**REQUIRED WORK**
Please transcribe only the lines between the one containing "8 Etika Normatip" and the end of the records, both ends included, exactly as written; skip every picture.

══ INPUT ══

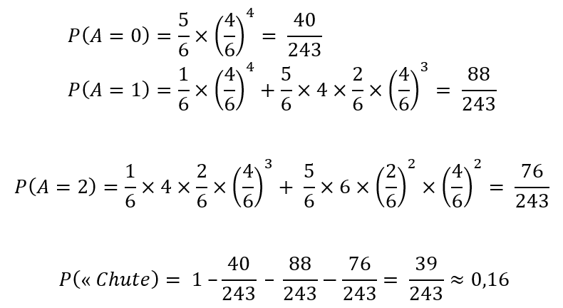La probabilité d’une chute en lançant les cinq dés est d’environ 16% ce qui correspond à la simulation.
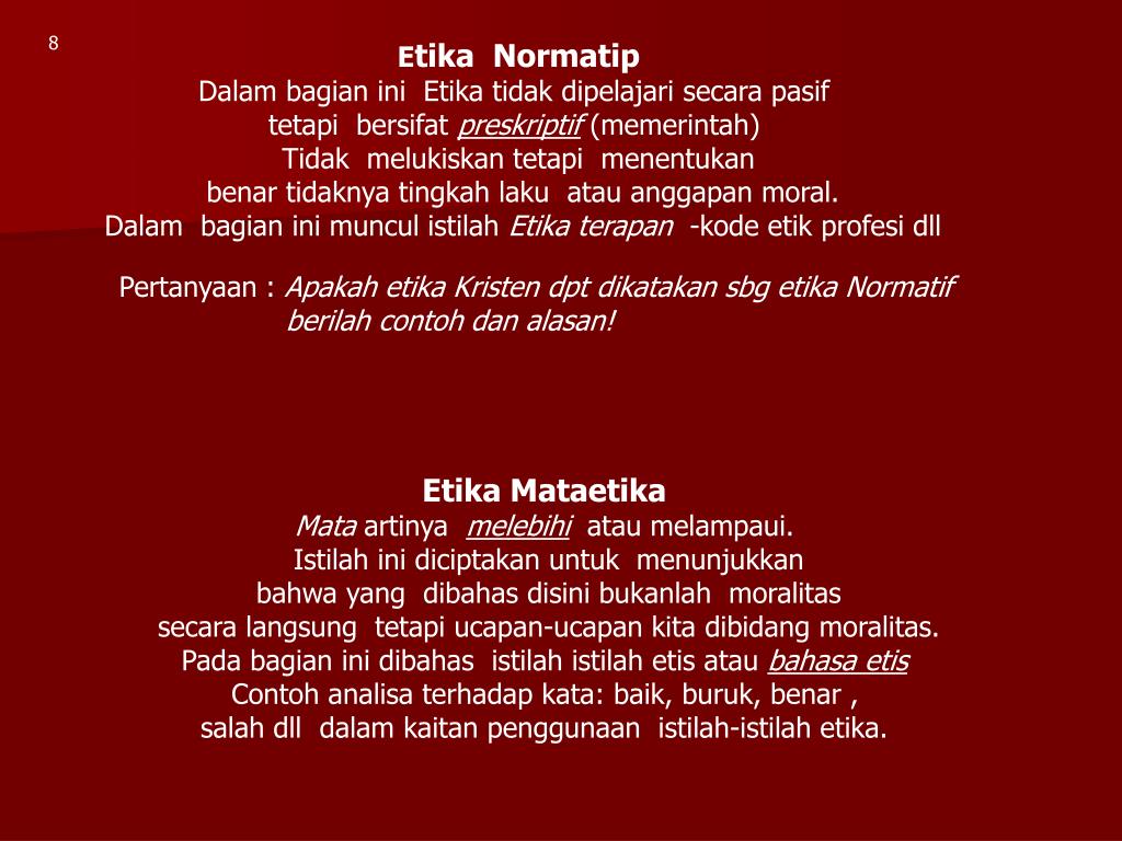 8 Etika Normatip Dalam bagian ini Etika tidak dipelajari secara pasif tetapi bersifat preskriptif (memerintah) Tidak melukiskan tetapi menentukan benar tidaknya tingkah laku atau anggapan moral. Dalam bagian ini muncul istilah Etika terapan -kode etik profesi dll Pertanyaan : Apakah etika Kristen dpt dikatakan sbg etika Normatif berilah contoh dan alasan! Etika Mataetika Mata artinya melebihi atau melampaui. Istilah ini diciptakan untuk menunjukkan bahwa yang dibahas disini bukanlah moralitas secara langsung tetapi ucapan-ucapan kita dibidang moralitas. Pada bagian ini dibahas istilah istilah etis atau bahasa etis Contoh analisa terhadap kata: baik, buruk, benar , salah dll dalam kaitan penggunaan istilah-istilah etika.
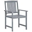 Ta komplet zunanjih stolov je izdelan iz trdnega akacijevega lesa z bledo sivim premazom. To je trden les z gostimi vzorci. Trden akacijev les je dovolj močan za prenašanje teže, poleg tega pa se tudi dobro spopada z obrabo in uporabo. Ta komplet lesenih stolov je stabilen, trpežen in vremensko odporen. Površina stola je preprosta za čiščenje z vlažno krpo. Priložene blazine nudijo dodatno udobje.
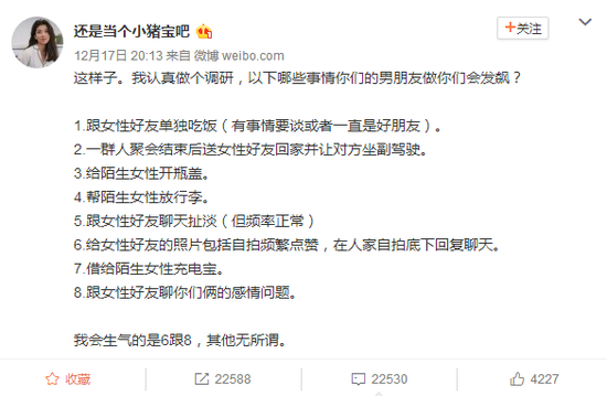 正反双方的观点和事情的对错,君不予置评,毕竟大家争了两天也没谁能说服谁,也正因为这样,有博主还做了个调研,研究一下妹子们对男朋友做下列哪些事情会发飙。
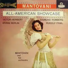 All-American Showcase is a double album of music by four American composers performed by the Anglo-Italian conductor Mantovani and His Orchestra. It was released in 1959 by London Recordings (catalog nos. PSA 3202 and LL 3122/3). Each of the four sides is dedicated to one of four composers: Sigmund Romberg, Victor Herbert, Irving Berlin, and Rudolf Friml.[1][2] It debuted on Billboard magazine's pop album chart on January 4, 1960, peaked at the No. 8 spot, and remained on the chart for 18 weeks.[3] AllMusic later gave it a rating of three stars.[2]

═══

**ANSWER TO THE EXERCISE**
 8 Etika Normatip Dalam bagian ini Etika tidak dipelajari secara pasif tetapi bersifat preskriptif (memerintah) Tidak melukiskan tetapi menentukan benar tidaknya tingkah laku atau anggapan moral. Dalam bagian ini muncul istilah Etika terapan -kode etik profesi dll Pertanyaan : Apakah etika Kristen dpt dikatakan sbg etika Normatif berilah contoh dan alasan! Etika Mataetika Mata artinya melebihi atau melampaui. Istilah ini diciptakan untuk menunjukkan bahwa yang dibahas disini bukanlah moralitas secara langsung tetapi ucapan-ucapan kita dibidang moralitas. Pada bagian ini dibahas istilah istilah etis atau bahasa etis Contoh analisa terhadap kata: baik, buruk, benar , salah dll dalam kaitan penggunaan istilah-istilah etika.
 Ta komplet zunanjih stolov je izdelan iz trdnega akacijevega lesa z bledo sivim premazom. To je trden les z gostimi vzorci. Trden akacijev les je dovolj močan za prenašanje teže, poleg tega pa se tudi dobro spopada z obrabo in uporabo. Ta komplet lesenih stolov je stabilen, trpežen in vremensko odporen. Površina stola je preprosta za čiščenje z vlažno krpo. Priložene blazine nudijo dodatno udobje.
 正反双方的观点和事情的对错,君不予置评,毕竟大家争了两天也没谁能说服谁,也正因为这样,有博主还做了个调研,研究一下妹子们对男朋友做下列哪些事情会发飙。
 All-American Showcase is a double album of music by four American composers performed by the Anglo-Italian conductor Mantovani and His Orchestra. It was released in 1959 by London Recordings (catalog nos. PSA 3202 and LL 3122/3). Each of the four sides is dedicated to one of four composers: Sigmund Romberg, Victor Herbert, Irving Berlin, and Rudolf Friml.[1][2] It debuted on Billboard magazine's pop album chart on January 4, 1960, peaked at the No. 8 spot, and remained on the chart for 18 weeks.[3] AllMusic later gave it a rating of three stars.[2]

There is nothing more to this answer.